Guidelines
Suggest edit

Include fixed background and foreground colors when optimizing a categorical palette

For categorical encoding in repeated-use views, use palette optimization that includes fixed background or foreground colors on the target chart or map context to improve readability and mitigate category colors blending into surrounding display colors for analysts and designers.

  • purpose:refine
  • basis:empirical
  • data:categorical
  • quality:readability:use
  • lever:encoding
  • polish:palette
  • aesthetic:color:use

advice

Optimize against the actual display colors

Treat fixed background and foreground colors as part of the palette optimization problem.

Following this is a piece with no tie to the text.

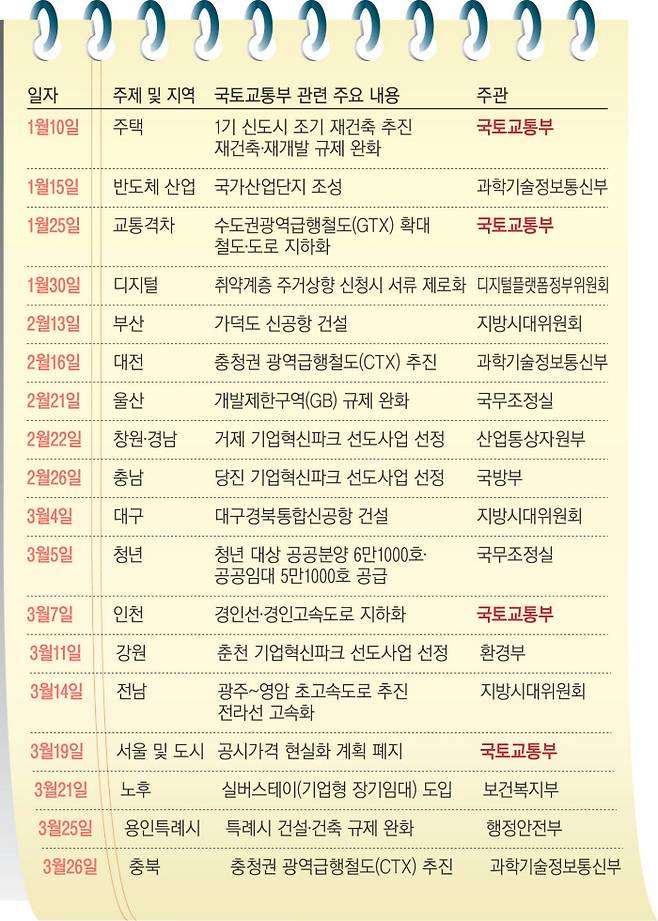 국토부가 직접 주관하지 않더라도 다른 부처가 담당하는 민생토론회에 참여한 경우도 14번이었다. 예컨대 비수도권에서 처음으로 열린 부산 민생토론회(11번째·2월13일)에서는 가덕도신공항 건설이, 울산에서 열린 토론회(13번째·2월21일)에서는 개발제한구역(GB) 규제 완화가 각각 언급됐다.

For example, lock a white canvas, land or ocean fills, or black border and text colors before optimizing category colors, rather than optimizing the category palette in isolation.

reason

Why display-context colors matter

Category colors are judged against their surroundings, not in a vacuum. When the surrounding colors are fixed, including them in the optimization pushes category colors away from conflicts with the actual canvas and foreground elements.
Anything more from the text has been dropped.